Figure 10 shows the estimated results of the Iida equation corrected by formula (11). It can be seen from the figure that the estimated value obtained by the revised Iida equation is different from the estimated value of FactSage, and the trend of viscosity change with Al2O3 content can be reproduced . This is considered possible because the trend of the Al2O3 specific coefficient as a function of alkalinity and content can be reproduced. Therefore, formula (11) can be used to accurately estimate the viscosity of mold flux in high Al steels with large changes in Al2O3 content.

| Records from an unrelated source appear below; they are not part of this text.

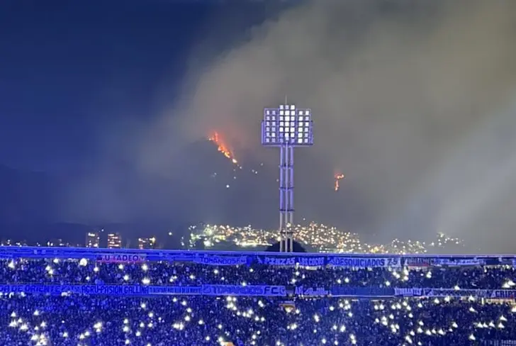 Pero, más allá de la euforia que se vivió en el máximo escenario bogotano, en las últimas horas se ha revelado una foto bastante dolorosa, la cual refleja la fiesta del fútbol que se vivía en el recinto, pero de fondo también se veía uno de los cerros de la capital siendo consumido por las llamas de los incendios forestales que están afectando de manera severa a los ecosistemas del país en los últimos días.
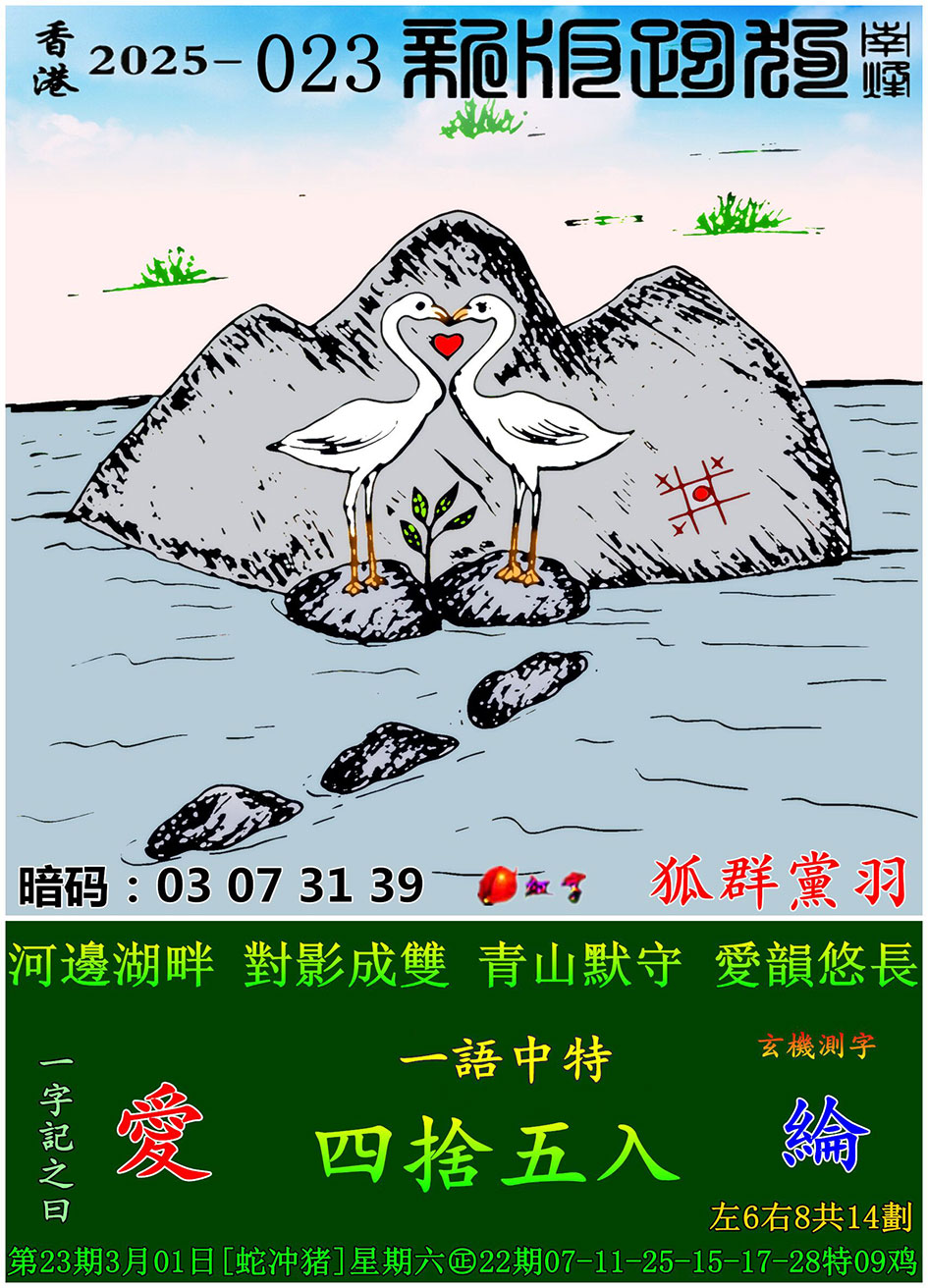 主题 : 023期:新版跑狗一字記之曰【愛】 玄機測字:【綸】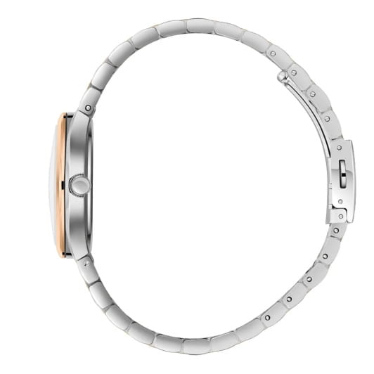 Женские кварцевые часы Slazenger — это выразительный и функциональный аксессуар. Корпус диаметром 34 мм и толщиной 9,5 мм выполнен из суперметалла. БезельБезельВнешний ободок, закрепляющий стекло. В спортивных часах так называется поворотное кольцо с делениями на циферблате, выполняет роль таймера – замеряет отрезки времени на шкале. Неподвижный безель – элемент декора. Однонаправленно вращающийся безель на дайверских часах позволяет фиксировать моменты погружения и выныривания на поверхность. из суперметалла с IP-покрытиемIP-покрытиеМетод ионного напыления. Демонстрирует повышенную устойчивость к истиранию, окислению и химическим веществам. Под воздействием высокого давления и температуры около 1500°C молекулы металла надёжно соединяются с частицами корпуса часов.. Циферблат серебристого цвета оформлен индексами и стрелками. Циферблат защищён минеральным стекломМинеральное стеклоМинеральное стекло представляет собой искусственно выращенный минерал кварца. Такое стекло отличается особой устойчивостью к повреждениям и царапинам. Уступает по некоторым качествам сапфировому стеклу.. Механизм — кварцевый калибр VX3HE11. Часы оснащены индикацией дня недели, даты и индикатором день/ночь, отображающим солнце или луну в зависимости от времени суток. Часы оснащены браслетом из суперметалла с IP-покрытиемIP-покрытиеМетод ионного напыления. Демонстрирует повышенную устойчивость к истиранию, окислению и химическим веществам. Под воздействием высокого давления и температуры около 1500°C молекулы металла надёжно соединяются с частицами корпуса часов. и раскладной застёжкойРаскладная застёжкаТакой тип застёжки используется только на браслетах из металла. Она никогда не раскрывается полностью, происходит разделение на 2 и более частей. Раскладывающая застёжка снизит вероятность потери часов к минимуму.. Водонепроницаемость 50 м позволяет использовать часы в повседневных условиях. Гарантия — 12 месяцев. Идеальный выбор для тех, кто ценит стиль, функциональность и качество.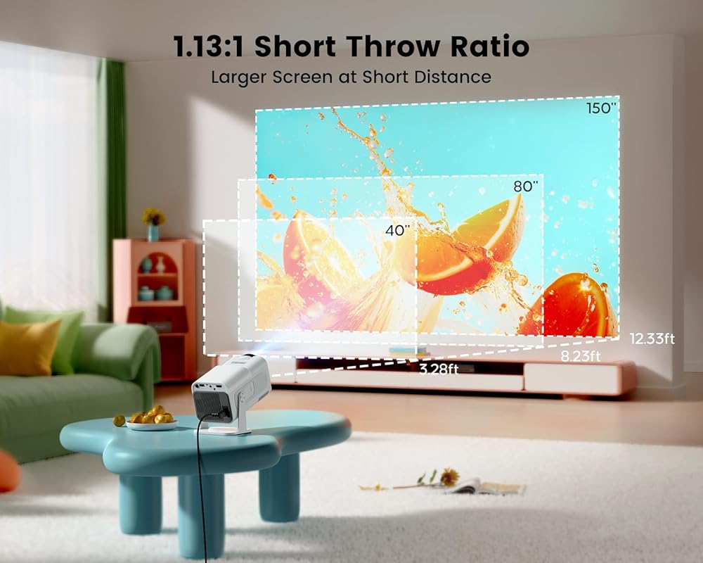 🔥【1.13:1 نسبة عرض ممتازة وتكبير 50%】يتميز جهاز العرض 4K هذا بنسبة عرض ممتازة قريبة من جهاز عرض قصير المدى، والذي يمكنه عرض شاشة مقاس 120 بوصة على مسافة 8.2 قدم، بينما تحتاج أجهزة العرض العلوية الأخرى إلى أكثر من 11.5 قدم. سواء كانت غرفة كبيرة/صغيرة/تخييم/خيمة، بمساعدة وظيفة التكبير/التصغير، يمكنك الاستمتاع بليلة فيلم واضحة على شاشة مقاس 40 بوصة إلى 300 بوصة دون تحريك جهاز العرض 4K (مسافة الإسقاط 2.95-14.76 قدمًا. )

Figure 10 Comparison of the viscosity estimated by the modified Iida equation and the measured viscosity
Conclusion
Aiming at the stable continuous casting production of high alloy steel, a method for predicting the composition and performance changes of mold powder in the process of continuous casting of high aluminum steel was evaluated, and the following results were obtained. (1) Three kinds of mold fluxes with different Al2O3 concentrations (1.3 ~ 6.0mass%) and different basicities were applied to 0.7mass%Al steel and ordinary Al-killed steel, respectively. During the continuous casting process, the reduction of [Al] in the steel to the oxides in the mold flux increases the Al2O3 concentration in the mold flux to about 30mass%. The composition change in the continuous casting process is reproduced by the composition change model EERZM (Equilibrium Effective Reaction Zone Model). (2) Investigate the relationship between the obtained model parameters (thickness of liquid slag layer, thickness of steel layer, etc.), continuous casting conditions and physical properties of mold slag. The accelerated increase of the Al2O3 content in the mold flux has a great influence. (3) The main crystals and crystallization temperature were estimated by using the thermodynamic software Fact-Sage. The estimated value of the main crystal species is in good agreement with the measured value, and the error between the estimated value of the crystallization temperature and the measured value is about 50 °C. It is also possible to estimate the influence of changes in the content of Al2O3 in mold flux on the main crystals and crystallization temperature. (4) Although FactSage cannot estimate the change of viscosity with the change of Al2O3 content in the liquid mold flux of the mold, the modified Iida equation considering the basic behavior of amphoteric oxides with the change of composition can successfully estimate the change of viscosity with the change of Al2O3 content. The equations were corrected using the measured data of the viscosity of mold liquid mold flux in the range of Al2O3 concentration from 1.6mass% to 34.5mass%.